| Description of the task |
When you reach the line below that has "Длина лавки будет", start returning lines exactly, and stop after the line that has "同じく経営者および人事担当者"; skip the pictures.

┄┄┄┄┄┄┄┄┄┄┄┄┄┄┄┄┄┄┄┄

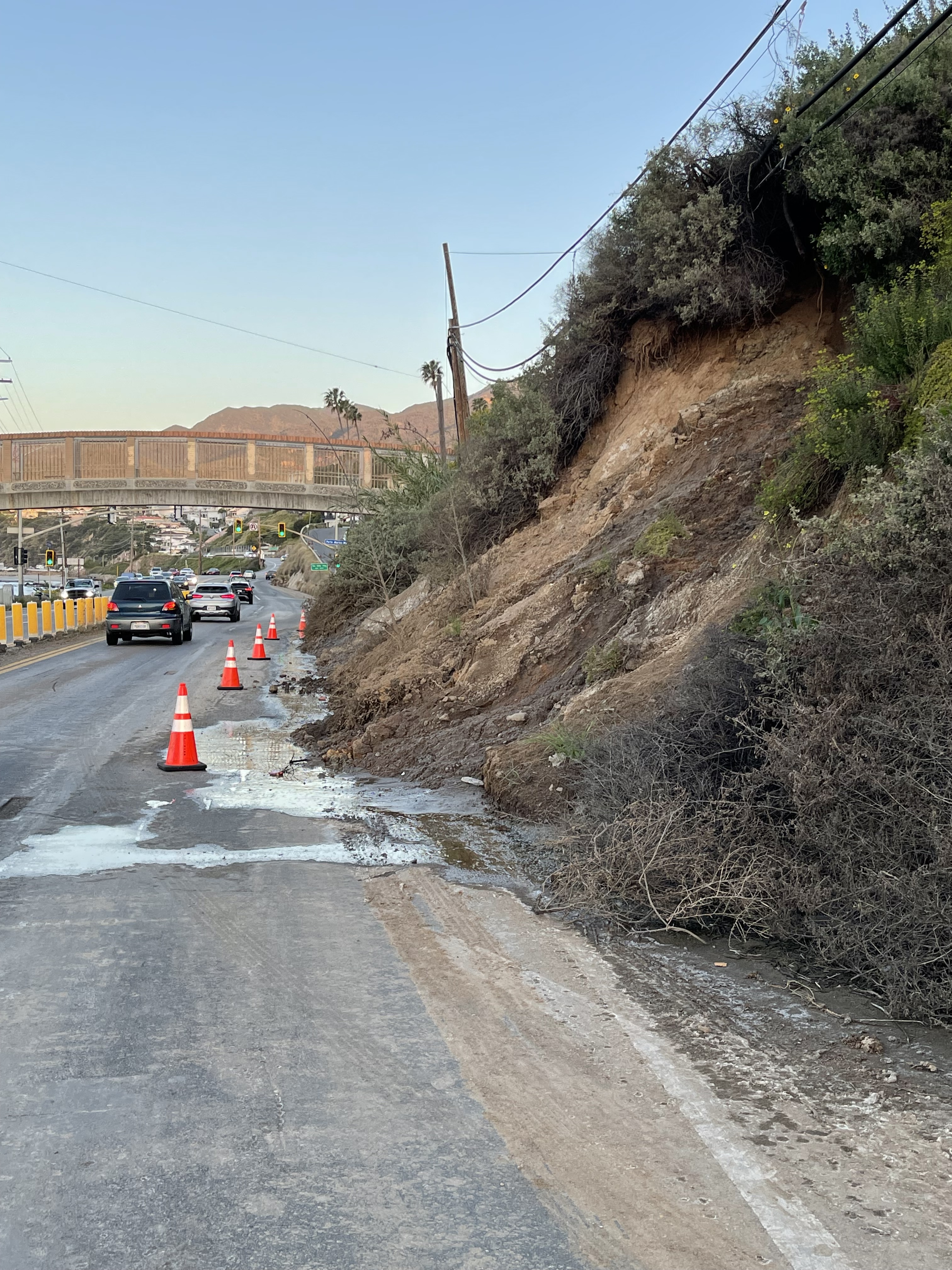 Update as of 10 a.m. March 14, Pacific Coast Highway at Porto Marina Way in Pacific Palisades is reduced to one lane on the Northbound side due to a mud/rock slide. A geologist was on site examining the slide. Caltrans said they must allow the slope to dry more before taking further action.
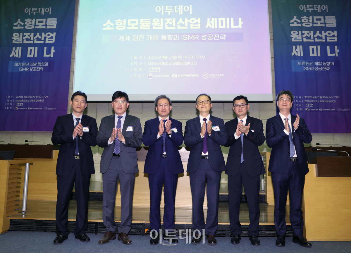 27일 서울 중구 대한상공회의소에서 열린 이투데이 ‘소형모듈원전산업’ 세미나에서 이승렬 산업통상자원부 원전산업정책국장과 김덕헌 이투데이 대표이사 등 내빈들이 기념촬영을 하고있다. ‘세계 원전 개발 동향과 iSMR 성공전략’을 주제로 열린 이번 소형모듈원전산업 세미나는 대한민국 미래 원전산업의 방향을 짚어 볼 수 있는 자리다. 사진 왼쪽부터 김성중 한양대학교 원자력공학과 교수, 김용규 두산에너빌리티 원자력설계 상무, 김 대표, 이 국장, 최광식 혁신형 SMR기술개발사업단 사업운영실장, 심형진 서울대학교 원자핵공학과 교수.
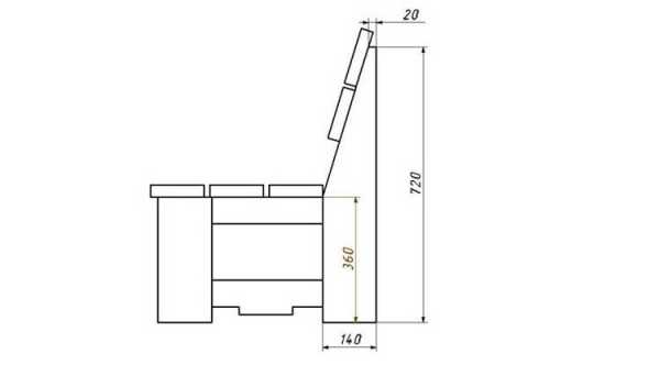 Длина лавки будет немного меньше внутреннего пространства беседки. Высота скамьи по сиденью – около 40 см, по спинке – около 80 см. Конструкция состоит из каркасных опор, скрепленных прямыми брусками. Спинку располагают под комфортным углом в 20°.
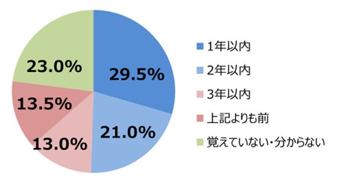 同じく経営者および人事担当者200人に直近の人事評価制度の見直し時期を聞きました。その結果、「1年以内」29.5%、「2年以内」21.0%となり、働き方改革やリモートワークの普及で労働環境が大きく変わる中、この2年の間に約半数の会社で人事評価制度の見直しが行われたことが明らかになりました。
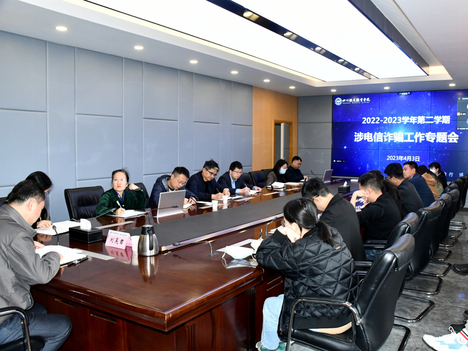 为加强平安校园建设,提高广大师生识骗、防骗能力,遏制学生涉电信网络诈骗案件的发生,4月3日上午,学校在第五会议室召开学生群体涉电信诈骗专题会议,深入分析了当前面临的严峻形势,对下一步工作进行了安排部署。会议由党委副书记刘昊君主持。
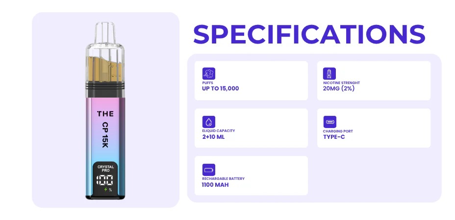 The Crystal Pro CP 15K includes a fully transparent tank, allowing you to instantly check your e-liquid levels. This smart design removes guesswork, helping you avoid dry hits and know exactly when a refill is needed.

┄┄┄┄┄┄┄┄┄┄┄┄┄┄┄┄┄┄┄┄

| Solution below |
 Длина лавки будет немного меньше внутреннего пространства беседки. Высота скамьи по сиденью – около 40 см, по спинке – около 80 см. Конструкция состоит из каркасных опор, скрепленных прямыми брусками. Спинку располагают под комфортным углом в 20°.
 同じく経営者および人事担当者200人に直近の人事評価制度の見直し時期を聞きました。その結果、「1年以内」29.5%、「2年以内」21.0%となり、働き方改革やリモートワークの普及で労働環境が大きく変わる中、この2年の間に約半数の会社で人事評価制度の見直しが行われたことが明らかになりました。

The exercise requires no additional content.